Now, here I am at 210, AGAIN. I've downloaded Spark before on my phone but truth be told, I'm not one to hold myself accountable to apps on a phone.
I figured it's a brand new year, and I'm sick of being like this. Being overweight costs me so much. I have no joy. I lack confidence and self esteem. Clothes are a bitch to find and shopping is a depressing hassle for me. I lack confidence in how I look to my husband when we're intimate. Granted, my husband makes me feel desired and beautiful, but he's the type that can cut back on food and jog a couple times a week when he needs to and voila! Twenty pounds down for him. Plus, I'm the heaviest woman he's ever been with, and even though he doesn't make me feel bad, he doesn't have to, I tear myself down on my own. Going out in public gives me anxiety as I feel self conscious about my appearance and tug at my shirts. Being overweight has truly sucked the joy out of my life and I'm tired of living like I'm just existing and not living a full and happy life.

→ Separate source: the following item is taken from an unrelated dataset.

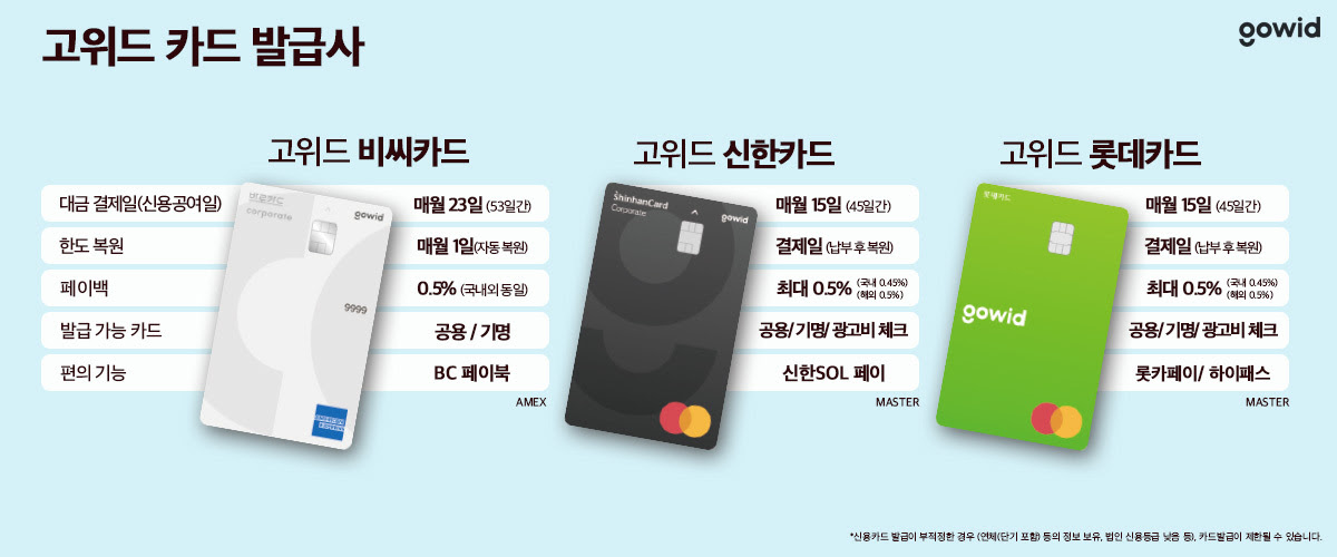 고위드 법인카드는 신한카드, BC카드, 롯데카드를 제공하고 있으며, 각 카드사의 스펙을 확인해보세요.

There are no victims with stuff like this, just volunteers. I'm tired of volunteering to let my weight issues control my happiness and dictate the quality of life I have. I'm tired of being told "but you have such a pretty face." I wanna knock em dead God damn it! So here I go. I know I'm going to have set backs, if this were easy, I'd have done it a long time ago, but this time I'm going to really utilize what is out there. My time is now... It's time I took control of my life.